Le représentant de la FSE a insisté sur le fait que la défense du droit égal d’accès à l’éducation et aux études supérieures allait de pair avec la lutte contre la précarité des étudiants qui est aggravée par l’augmentation des droits d’inscription pour les étudiants extracommunautaires instaurée par le plan « Bienvenue en France 2.0 » s’accompagnant d’une discrimination de ces derniers dans l’attribution des logements par les CROUS. Puis il a indiqué que la sélection à l’entrée des universités était aujourd’hui liée à la volonté de préparer et d’envoyer les jeunes à la guerre, et il a conclu en déclarant que la FSE refusait l’embrigadement de la jeunesse, et revendiquait le rétablissement d’une université ouverte à tous, gratuite et libérée de tous liens avec des entreprises privées, avec l’armée ou des entreprises de l’armement.

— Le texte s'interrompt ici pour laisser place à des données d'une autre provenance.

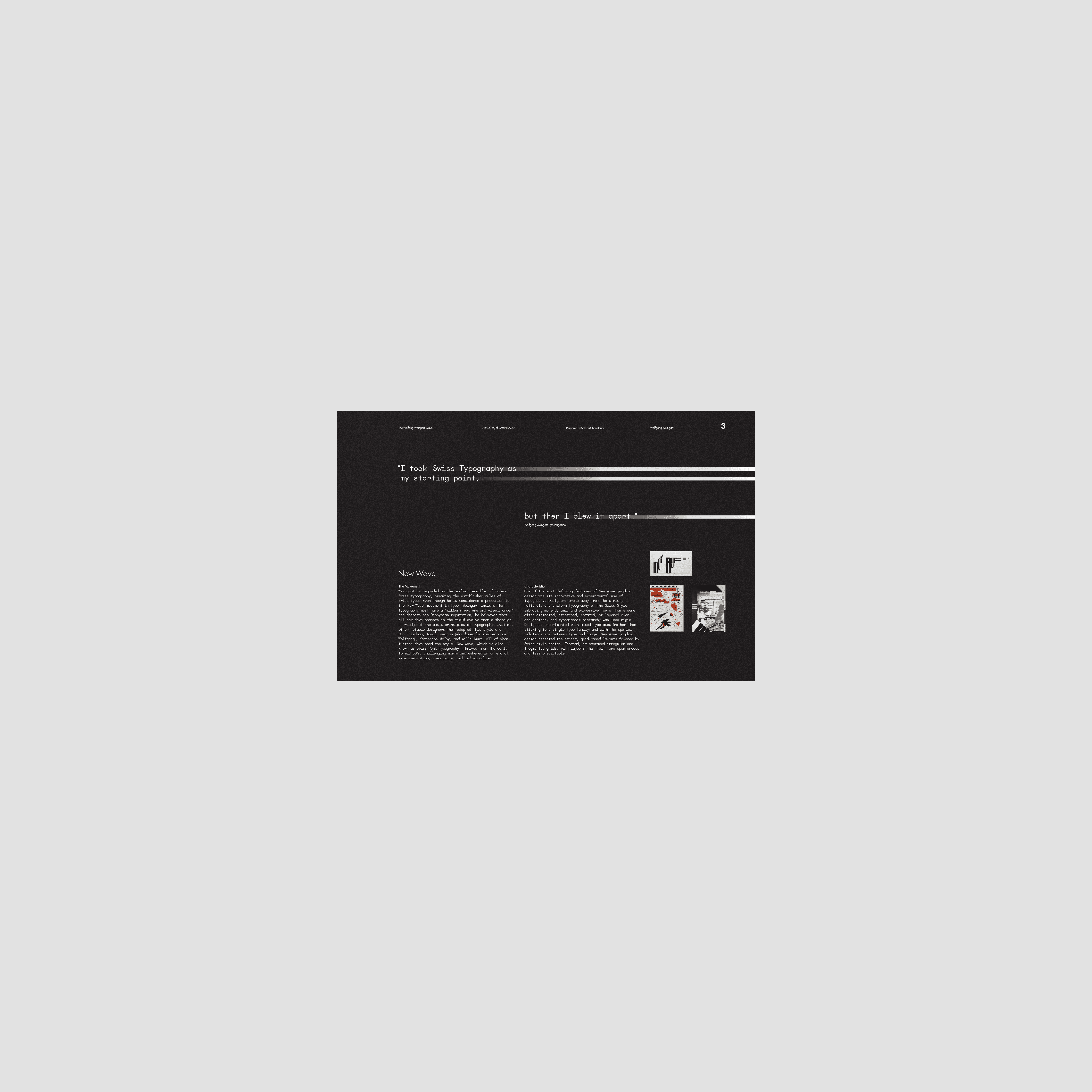 The name, The Wolfgang Weingart Wave reflects his contributions to pioneering the New Wave Swiss aesthetic, his work disrupted rules of Swiss type while still insisting that type should have a hidden and visual structure. The result is a cohesive yet flexible identity, compositions with clear hierarchy but with dynamic elements that aren’t solely confined to the grid. The design draws from elements commonly found throughout his work, such as charged lines, blocked text, fluctuating font weights, visible grid lines, and dramatic black and white compositions.

Après avoir exprimé leur accord avec les propos liminaires de FO et de la FSE, les représentantes de l’UNEF Nanterre ont présenté la situation des centaines de milliers d’étudiants sans fac, qu’elles ont dénoncé comme une injustice qui doit être combattue, puis après avoir expliqué qu’à Nanterre, la direction de l’université refuse toute rencontre, toute négociation, malgré les multiples tentatives de dialogue, elles ont demandé une intervention du ministère pour rétablir un cadre de discussion permettant de trouver une solution pour les centaines de dossiers confiés à leur organisation.
Le représentant du ministre a indiqué que ce dernier discutait régulièrement avec les responsables nationaux des organisations étudiantes. Il a expliqué que cette année il y avait eu 200 000 candidats supplémentaires sur Parcoursup puis que l’enseignement supérieur faisait face à une hausse démographique qui mettait à l’épreuve les capacités d’accueil des universités.

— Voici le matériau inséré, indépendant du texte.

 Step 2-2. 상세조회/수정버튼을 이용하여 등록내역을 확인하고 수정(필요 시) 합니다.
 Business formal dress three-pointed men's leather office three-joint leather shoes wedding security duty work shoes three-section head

Il a alors assuré que depuis la fin du mois d’août le ministre avait appelé les recteurs de toutes les académies sur la question des sans fac afin de les exhorter à prendre les dispositions pour garantir l’application de la loi (Code de l’Education) qui prévoit que tout bachelier doit avoir une inscription dans une filière au plus proche de son premier vœu. Puis il a déclaré que le rôle de l’Etat étant de trouver des solutions à chaque jeune sans affectation le ministère avait débloqué des fonds pour que les universités ouvrent des places supplémentaires (sans donner de précision sur le montant concerné malgré les questions de FO à ce sujet), et que si les universités ne proposaient pas de solution, les recteurs étaient missionnés pour intervenir auprès des présidents pour les y inciter car l’autonomie ne signifie pas l’indépendance. Il a précisé que pour que des solutions soient trouvées, il fallait que les étudiants sans inscription saisissent les commissions d’accès à l’enseignement supérieur (CAES). Concernant la situation particulière à Nanterre il a annoncé que le ministère vérifierait « au plus près » ce qui se passe.
Puis, après une dernière intervention de l’UNEF Nanterre signalant que tous les ans, lorsque les étudiants sans fac saisissent les CAES, ils n’ont pas de réponse ou sont réorientés dans des filières parfois très éloignées de leurs vœux, et une intervention de FO expliquant que des réponses strictement administratives ne suffiraient pas à réparer les effets désastreux de la sélection organisée par Parcoursup et Mon Master mais qu’il faudrait abroger la loi ORE de 2018 et qu’au lieu de donner la priorité aux dépenses d’armement, l’Etat devait augmenter les budgets de l’Education et de l’Enseignement supérieur afin d’ouvrir les places et de créer les postes d’enseignants chercheurs nécessaires, le représentant du ministre a abrégé la réunion pour rejoindre un autre rendez-vous et a proposé de fixer prochainement une nouvelle rencontre pour étudier les situations et rechercher des solutions.